## [EXERCISE INSTRUCTIONS]
Starting at the line that contains "Categoria sporturilor neolimpice" and stopping at the line that contains "患者孙桂香致:通辽市医院呼吸重症科何佳木医生及全体医护人员", restate each line of the records below exactly. Omit the pictures.

## [TASK MATERIAL]
☆ ☆ ☆ ☆

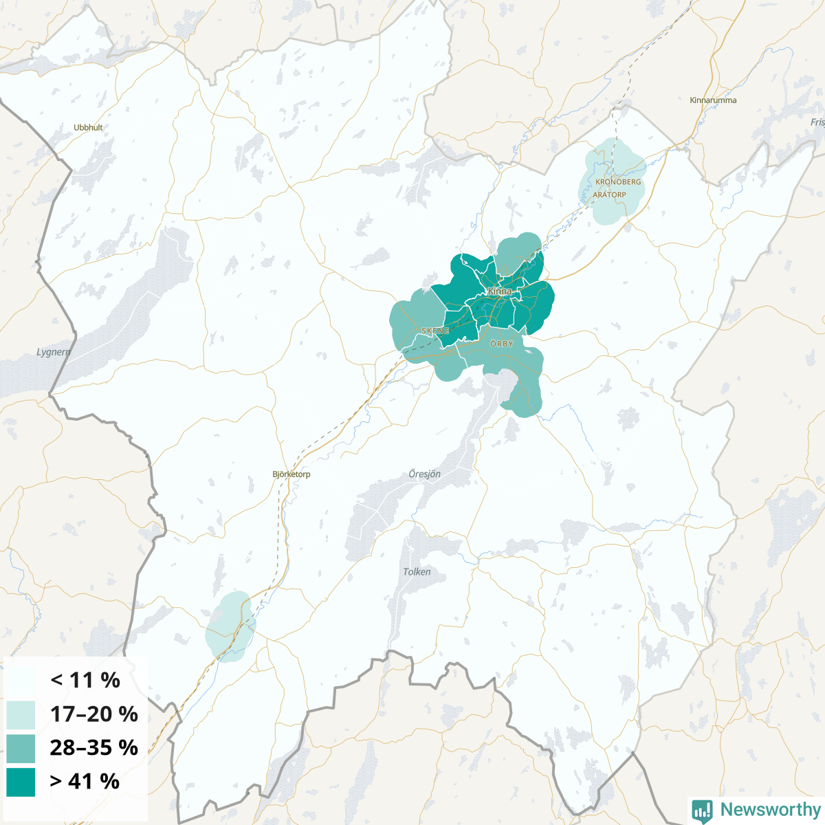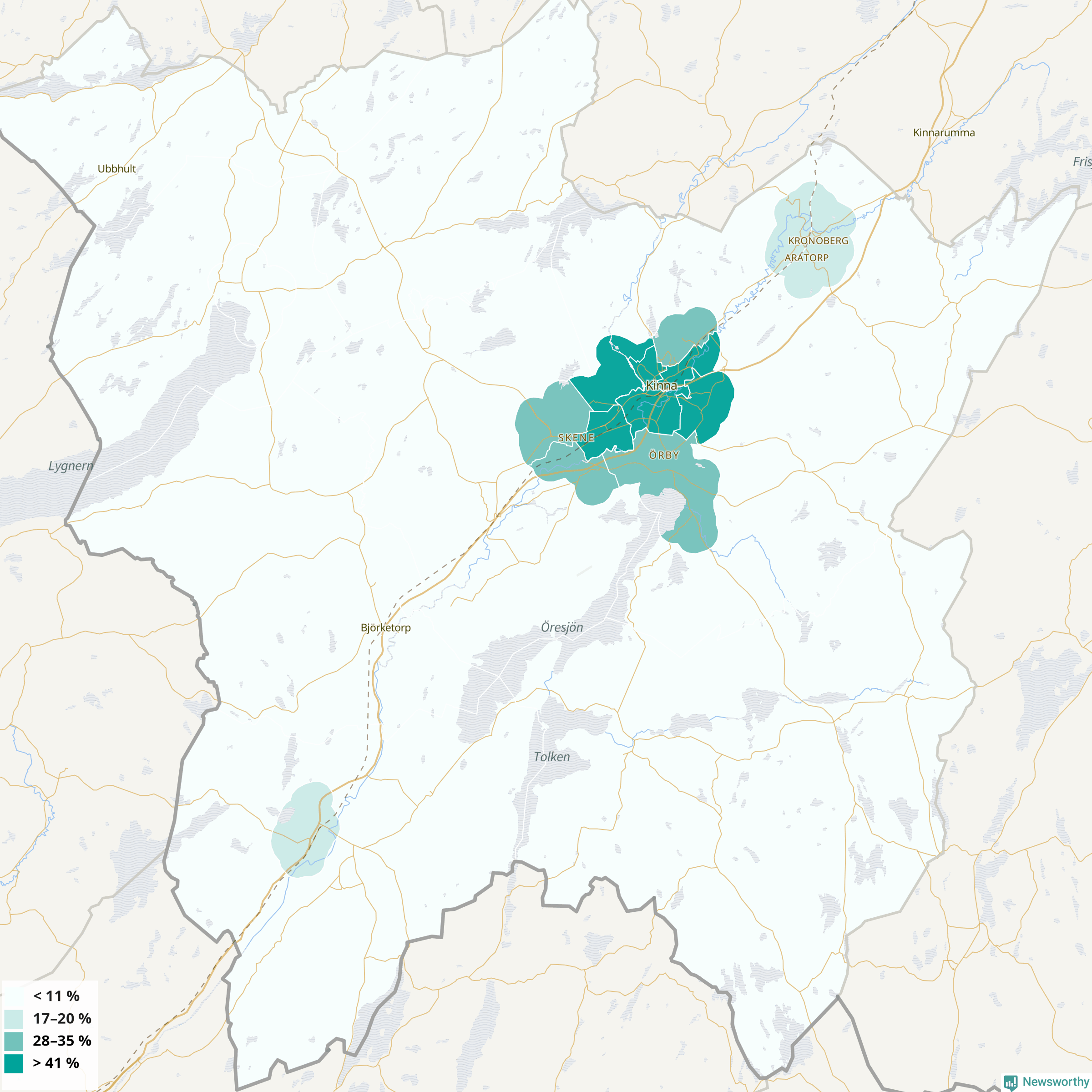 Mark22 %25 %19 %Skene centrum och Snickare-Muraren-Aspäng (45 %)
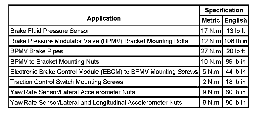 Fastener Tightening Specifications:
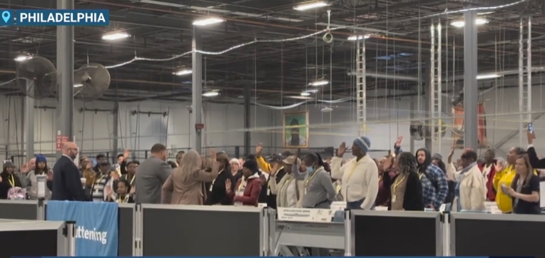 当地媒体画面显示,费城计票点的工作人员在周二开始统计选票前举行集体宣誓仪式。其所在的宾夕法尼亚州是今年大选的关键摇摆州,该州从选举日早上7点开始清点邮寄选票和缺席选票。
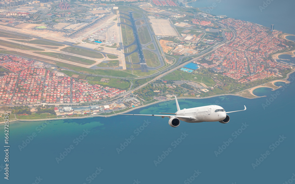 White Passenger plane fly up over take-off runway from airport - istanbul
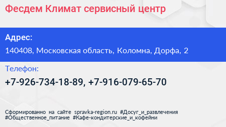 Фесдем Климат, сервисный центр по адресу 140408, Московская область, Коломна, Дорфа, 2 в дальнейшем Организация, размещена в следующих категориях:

☆ ☆ ☆ ☆

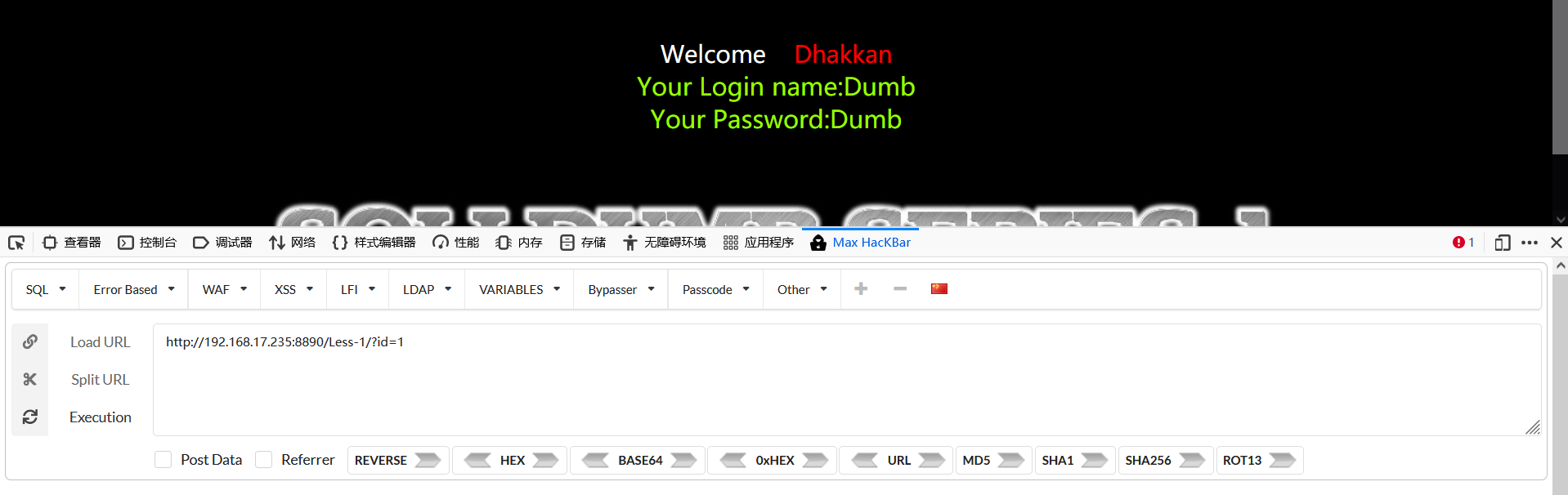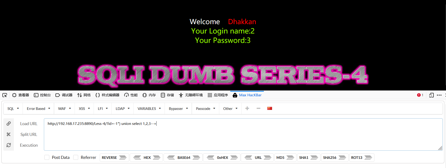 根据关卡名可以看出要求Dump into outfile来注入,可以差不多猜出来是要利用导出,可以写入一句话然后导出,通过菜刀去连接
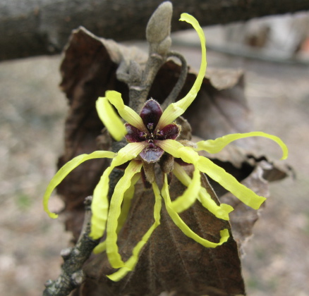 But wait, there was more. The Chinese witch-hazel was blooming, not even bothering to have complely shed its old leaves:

☆ ☆ ☆ ☆

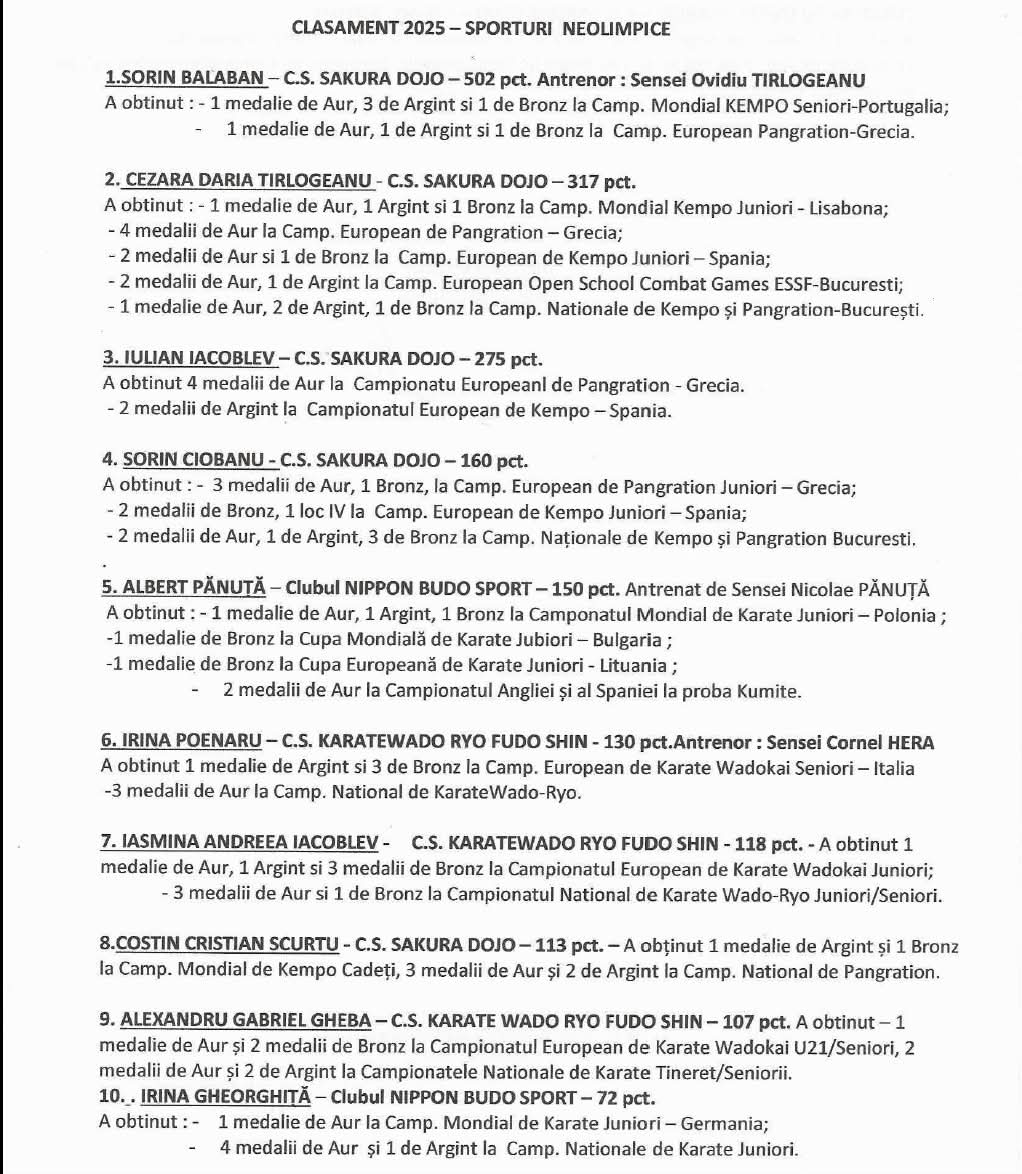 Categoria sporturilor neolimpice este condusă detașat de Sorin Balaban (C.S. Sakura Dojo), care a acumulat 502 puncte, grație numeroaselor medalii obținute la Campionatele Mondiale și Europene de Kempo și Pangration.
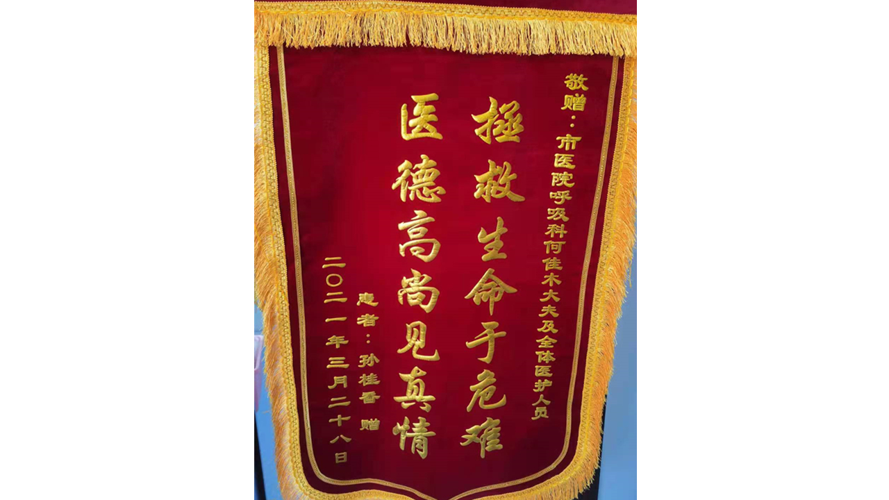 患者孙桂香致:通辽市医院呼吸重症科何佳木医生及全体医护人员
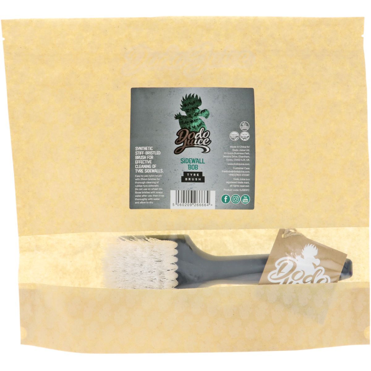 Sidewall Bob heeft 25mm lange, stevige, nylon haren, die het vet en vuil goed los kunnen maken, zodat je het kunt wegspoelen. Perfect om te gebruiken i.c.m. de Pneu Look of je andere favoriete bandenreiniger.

☆ ☆ ☆ ☆

## [TASK ANSWER]
 Categoria sporturilor neolimpice este condusă detașat de Sorin Balaban (C.S. Sakura Dojo), care a acumulat 502 puncte, grație numeroaselor medalii obținute la Campionatele Mondiale și Europene de Kempo și Pangration.
 患者孙桂香致:通辽市医院呼吸重症科何佳木医生及全体医护人员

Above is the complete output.